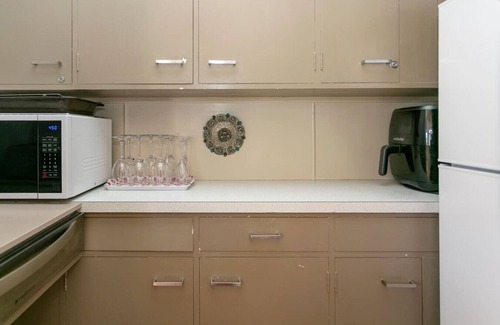 .If you love cooking on vacation, you'll enjoy this well-equipped kitchen, complete with a walk-in pantry and all the essentials. As the heart of this vintage-style home, it connects seamlessly to a comfortable lounge with an open fire, a sunroom with lake views, and a kitchen island bench perfect for socializing. In summer, open the doors to the covered patio, where outdoor seating and a BBQ create an ideal setting for a relaxing Taupo evening.
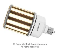 100W lumen selectable corn cob lamp, 4000K, >80 CRI, mogul base, 120- 277V, DLC 5.1 compliant Application ULTRA LED HID replacement lamps are ideal for indoor high/low bay lighting and outdoor decorative post top fixtures in walkway lighting applications. The SYLVANIA ULTRA LED high lumen lamp provides excellent color rendering (82 CRI) in comparison with traditional high pressure sodium and metal halide lamps, and a selection of color temperatures. Benefits and Features — Lumen Selectability enabled by the switch located on the head of the lamp makes inventory management easy and allows for customizable light — Up to 157 LPW — CRI >80 — Energy savings up to 76% — 360° beam angle (or omnidirectional) with Type V distribution — Rated for open and enclosed fixtures Electrical — 120-277Vac — Power Factor >98% — THD <20% — Optical design efficiently directs light output in a 360° (horizontal) beam angle (or omnidirectional) with Type V distribution Rated Life — 50,000 hours (L70) Ambient Operating Range — -40°F to +122°F (-40°C to +50°C) Certifications and Listings — cULus (1598C and 1993 listed) — RoHS — FCC — Lead Free — Mercury Free — DLC 5.1 — Damp Rated Installation — Requires easy ballast bypass. — Lamp operates directly on line voltage 120-277Vac – A safety cable is included with each 80W, 100W or 120W unit for additional support |
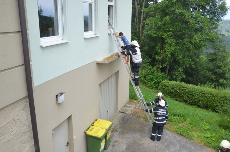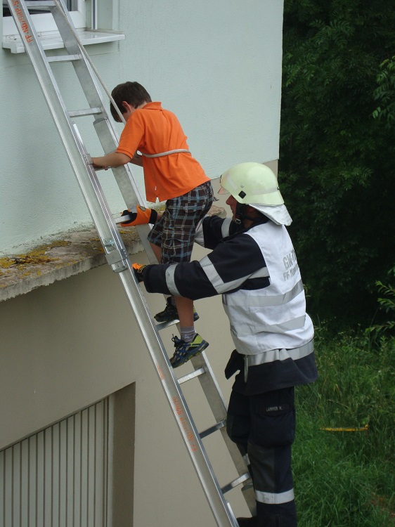 Nach Absprache mit der Übungs-Einsatzleitung wurde die FF Neudorf Großpesendorf zum Evakuieren einer Klasse über eine Steckleiter mit Sicherung durch eine Rettungsleine eingeteilt.
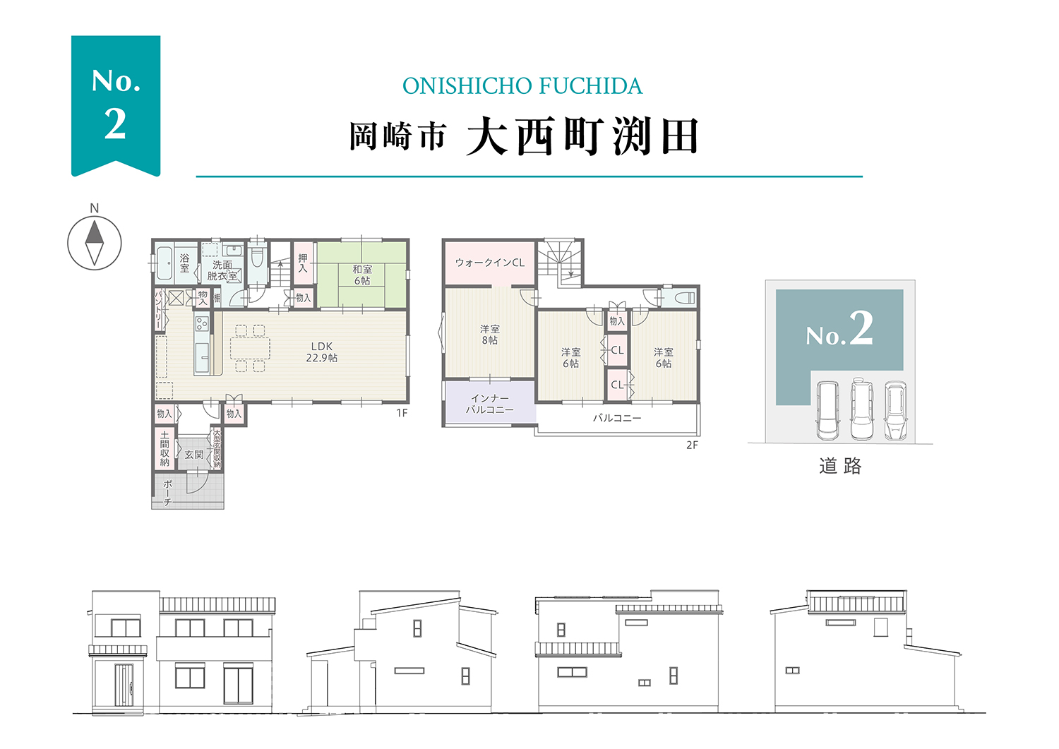 2号棟は南面に広がる22帖のLDKがある住まい。どの部屋にいても自然光が差し込みます。すべての居室は6帖以上で収納付きなので居室をスッキリと保てます。主寝室は8帖で4帖のウォークインクローゼット付き。
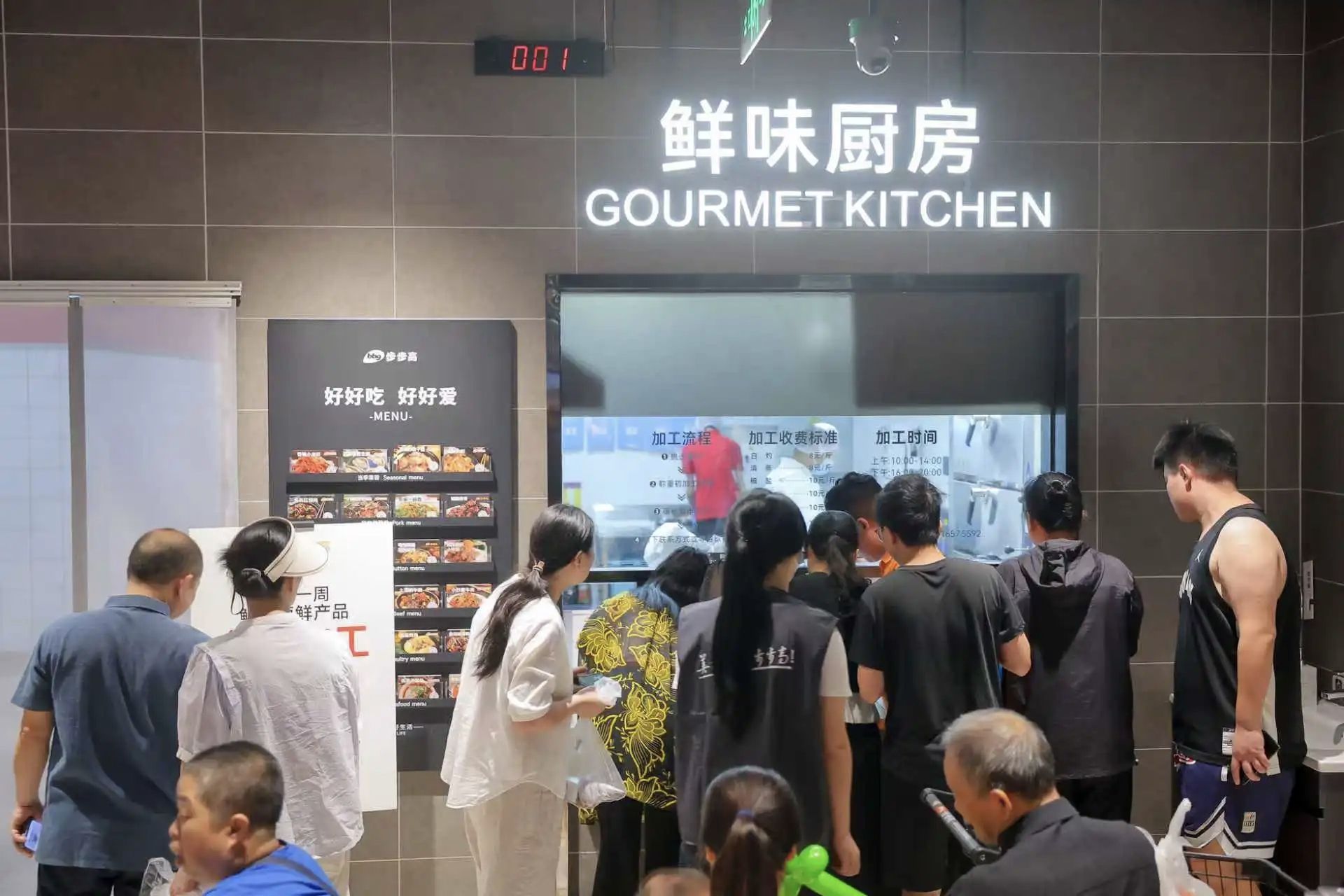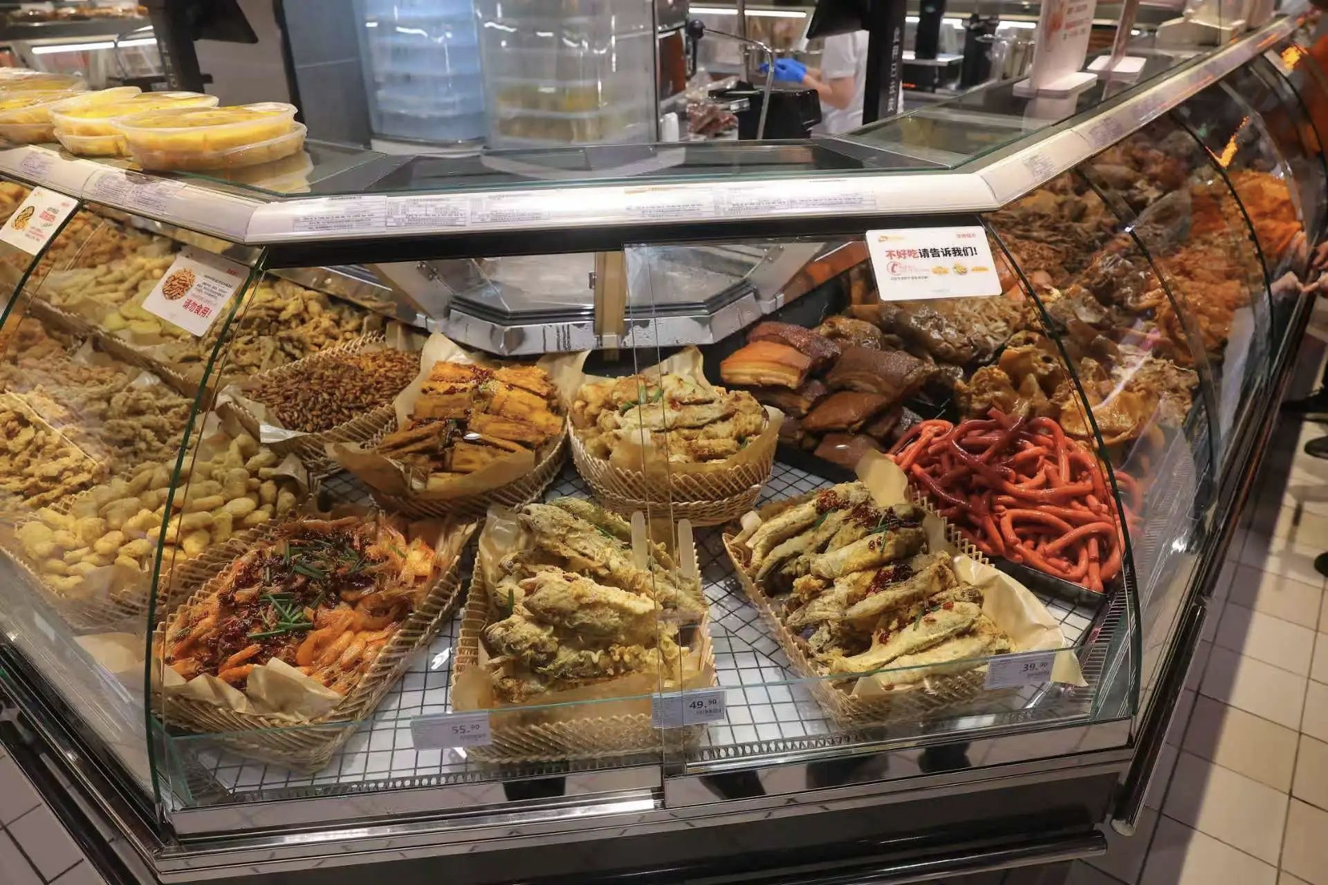 生鲜板块是此次调改核心,熟食区采用明档操作,提供“胖东来同款”小红肠、秘制牛肉条等试吃体验,香辣虾尾、韩式炸鸡等本地特色菜品每日新鲜出炉。水产区引入帝王蟹、波士顿龙虾等高端品类,新增“吊水鱼”可扫码查看检测报告。鲜味厨房支持现场挑鱼、现场加工,开业首周海鲜免费加工。肉类区涵盖中粮亚麻籽猪、流沙河花猪等多元品类,净菜、火锅菜、果切等加工品优化升级,果切超4小时八折、8小时下架。
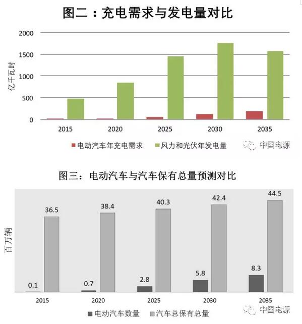 如果我们抛开发电与充电时间匹配的问题不谈,假设他们能完美匹配,那么电动汽车充电能耗能帮助消纳多大比例的可再生能源发电呢?图二描绘了英国电网对于未来二十年风光发电总量和电动汽车充电需求的预测[1]。我们可以注意到,即便到2035年,电动汽车能耗总量也只相当于风光发电总量的18%。那么这么低的数字是否是由于电动汽车普及速度较慢造成的呢?其实不然。图三对比了未来电动汽车增长数量[1]以及英国总汽车保有量(考虑1%的年增长率)。我们可以注意到到2035年,电动汽车保有量可达到八百三十万辆,且占了汽车总量的约20%。这个普及程度的预估应该可以说是绝不保守的。所以在如此大的电动汽车数量前提下,即便不考虑充发匹配,其所带来的增加负载对消纳可再生能源发电的作用也应该来说是比较有限的。
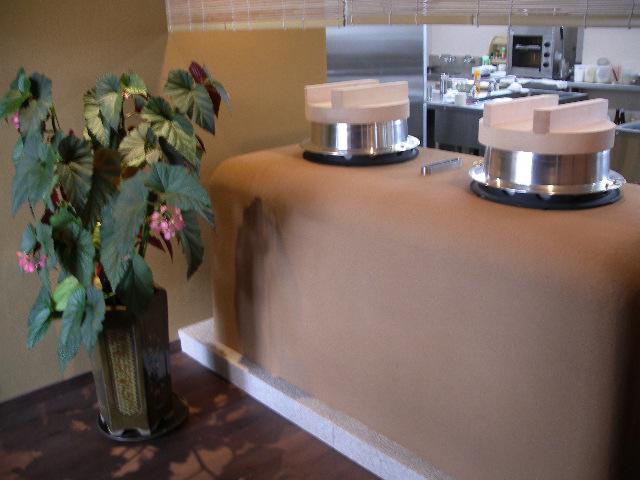 玄関に入ると、二つのごはんを炊く大きなお釜があります。
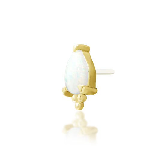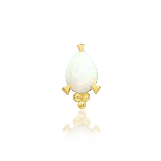 Introducing Artemis, a stunning threadless 14k yellow gold top adorned with a 3.5 x 5.8mm pear-shaped opal stone. The understated elegance of this piece is enhanced by delicate bead detailing, providing a timeless and sophisticated look. Elevate your style with Artemis today.
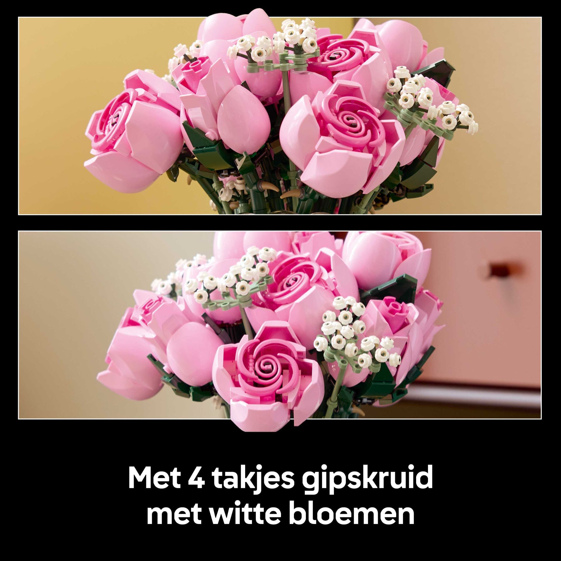 LEGO ROZEN – de set bevat 4 rozen in volle bloei, 4 rozenbloesems en 4 rozenknoppen, plus 4 takjes gipskruid met witte bloemetjes
====
Print every line of the material above exactly as it reads, skipping the pictures.

 .If you love cooking on vacation, you'll enjoy this well-equipped kitchen, complete with a walk-in pantry and all the essentials. As the heart of this vintage-style home, it connects seamlessly to a comfortable lounge with an open fire, a sunroom with lake views, and a kitchen island bench perfect for socializing. In summer, open the doors to the covered patio, where outdoor seating and a BBQ create an ideal setting for a relaxing Taupo evening.
 100W lumen selectable corn cob lamp, 4000K, >80 CRI, mogul base, 120- 277V, DLC 5.1 compliant Application ULTRA LED HID replacement lamps are ideal for indoor high/low bay lighting and outdoor decorative post top fixtures in walkway lighting applications. The SYLVANIA ULTRA LED high lumen lamp provides excellent color rendering (82 CRI) in comparison with traditional high pressure sodium and metal halide lamps, and a selection of color temperatures. Benefits and Features — Lumen Selectability enabled by the switch located on the head of the lamp makes inventory management easy and allows for customizable light — Up to 157 LPW — CRI >80 — Energy savings up to 76% — 360° beam angle (or omnidirectional) with Type V distribution — Rated for open and enclosed fixtures Electrical — 120-277Vac — Power Factor >98% — THD <20% — Optical design efficiently directs light output in a 360° (horizontal) beam angle (or omnidirectional) with Type V distribution Rated Life — 50,000 hours (L70) Ambient Operating Range — -40°F to +122°F (-40°C to +50°C) Certifications and Listings — cULus (1598C and 1993 listed) — RoHS — FCC — Lead Free — Mercury Free — DLC 5.1 — Damp Rated Installation — Requires easy ballast bypass. — Lamp operates directly on line voltage 120-277Vac – A safety cable is included with each 80W, 100W or 120W unit for additional support |
 Nach Absprache mit der Übungs-Einsatzleitung wurde die FF Neudorf Großpesendorf zum Evakuieren einer Klasse über eine Steckleiter mit Sicherung durch eine Rettungsleine eingeteilt.
 2号棟は南面に広がる22帖のLDKがある住まい。どの部屋にいても自然光が差し込みます。すべての居室は6帖以上で収納付きなので居室をスッキリと保てます。主寝室は8帖で4帖のウォークインクローゼット付き。
 生鲜板块是此次调改核心,熟食区采用明档操作,提供“胖东来同款”小红肠、秘制牛肉条等试吃体验,香辣虾尾、韩式炸鸡等本地特色菜品每日新鲜出炉。水产区引入帝王蟹、波士顿龙虾等高端品类,新增“吊水鱼”可扫码查看检测报告。鲜味厨房支持现场挑鱼、现场加工,开业首周海鲜免费加工。肉类区涵盖中粮亚麻籽猪、流沙河花猪等多元品类,净菜、火锅菜、果切等加工品优化升级,果切超4小时八折、8小时下架。
 如果我们抛开发电与充电时间匹配的问题不谈,假设他们能完美匹配,那么电动汽车充电能耗能帮助消纳多大比例的可再生能源发电呢?图二描绘了英国电网对于未来二十年风光发电总量和电动汽车充电需求的预测[1]。我们可以注意到,即便到2035年,电动汽车能耗总量也只相当于风光发电总量的18%。那么这么低的数字是否是由于电动汽车普及速度较慢造成的呢?其实不然。图三对比了未来电动汽车增长数量[1]以及英国总汽车保有量(考虑1%的年增长率)。我们可以注意到到2035年,电动汽车保有量可达到八百三十万辆,且占了汽车总量的约20%。这个普及程度的预估应该可以说是绝不保守的。所以在如此大的电动汽车数量前提下,即便不考虑充发匹配,其所带来的增加负载对消纳可再生能源发电的作用也应该来说是比较有限的。
 玄関に入ると、二つのごはんを炊く大きなお釜があります。
 Introducing Artemis, a stunning threadless 14k yellow gold top adorned with a 3.5 x 5.8mm pear-shaped opal stone. The understated elegance of this piece is enhanced by delicate bead detailing, providing a timeless and sophisticated look. Elevate your style with Artemis today.
 LEGO ROZEN – de set bevat 4 rozen in volle bloei, 4 rozenbloesems en 4 rozenknoppen, plus 4 takjes gipskruid met witte bloemetjes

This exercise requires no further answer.